Boogsnuituil Herminia grisealis
De boogsnuituil is gemakkelijk te herkennen aan zijn grijsbruine kleur en de dikke onderste lijn die begint in de vleugelpunten. En mocht je dan toch nog twijfelen, kijk dan eens naar de kaarsrechte bovenste lijn. Het bij deze en enkele andere snuituilen zichtbare korte, gebogen streepje ongeveer midden op de vleugel is het restant van de niervlek! Met een spanwijdte van 24 tot 28mm is de boogsnuituil de kleinste vanalle snuituilen.
Hoewel de eitjes vanaf juni worden gelegd, zien we de rupsen van de boogsnuituil pas vanaf juli. De rupsen zijn tamelijk bijzonder, omdat ze niet alleen levend blad eten, maar ook stervend blad en dode bladeren. Zo blijven ze zich voeden van het blad aan een afgebroken tak. Ook zijn ze veel op de grond te vinden, etend van afgevallen bladeren. In oktober spinnen ze tussen bladafval, in een spleet in de schors of onder de schors een kokon. Hierin wordt verpopt en vervolgens overwinterd. De rups is bruinig tot roodbruin en heeft een tamelijk dikke, donkere lengtestreep op de rug. Opvallend is dat deze pas begint op het derde of vierde segment. De kop is grijsbruin en de rups bereikt een lengte tussen de 13 en 18mm. Veel planten fungeren als voedselplant, zoals berk, els, meidoorn en bosrank.
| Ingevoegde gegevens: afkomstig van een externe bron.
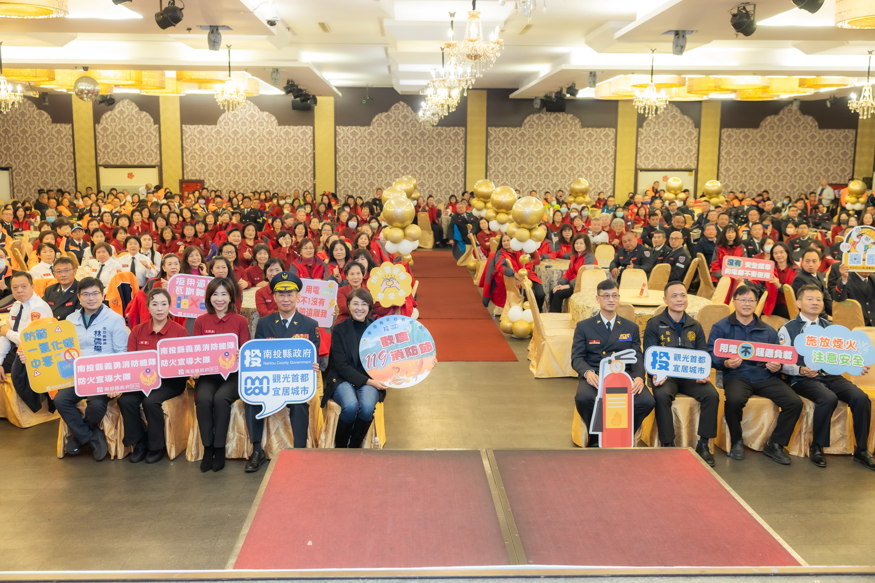(觀傳媒中彰投新聞)【記者石振賢/南投報導】1月19日將至,縣府為歡慶「119消防節」, 8日上午在南投市南島婚宴會館舉辦「歡慶119消防節暨民力團體表揚典禮」。縣長許淑華親自頒獎,感謝消防弟兄以及義勇消防、鳳凰志工、防火宣導隊、民間救難團體等民力團體平日辛勞及無私奉獻精神。

De populairste voedselplanten echter zijn eik, beuk en braam.
De boogsnuituil vliegt van half mei tot half oktober, met een duidelijke piek in juni en juli. De dieren die we in augustus en later zien behoren tot een tweede generatie. Hij vliegt niet overdag, maar laat zich dan wel gemakkelijk verstoren. Al zeer vroeg in de avondschemering kunnen we de eerste dieren waarnemen. Ze komen zeer gemakkelijk op licht en op smeer af. Het is een soort van bossen, struwelen, parken en tuinen. In de hele Benelux een zeer gewone soort, die bijna overal voorkomt.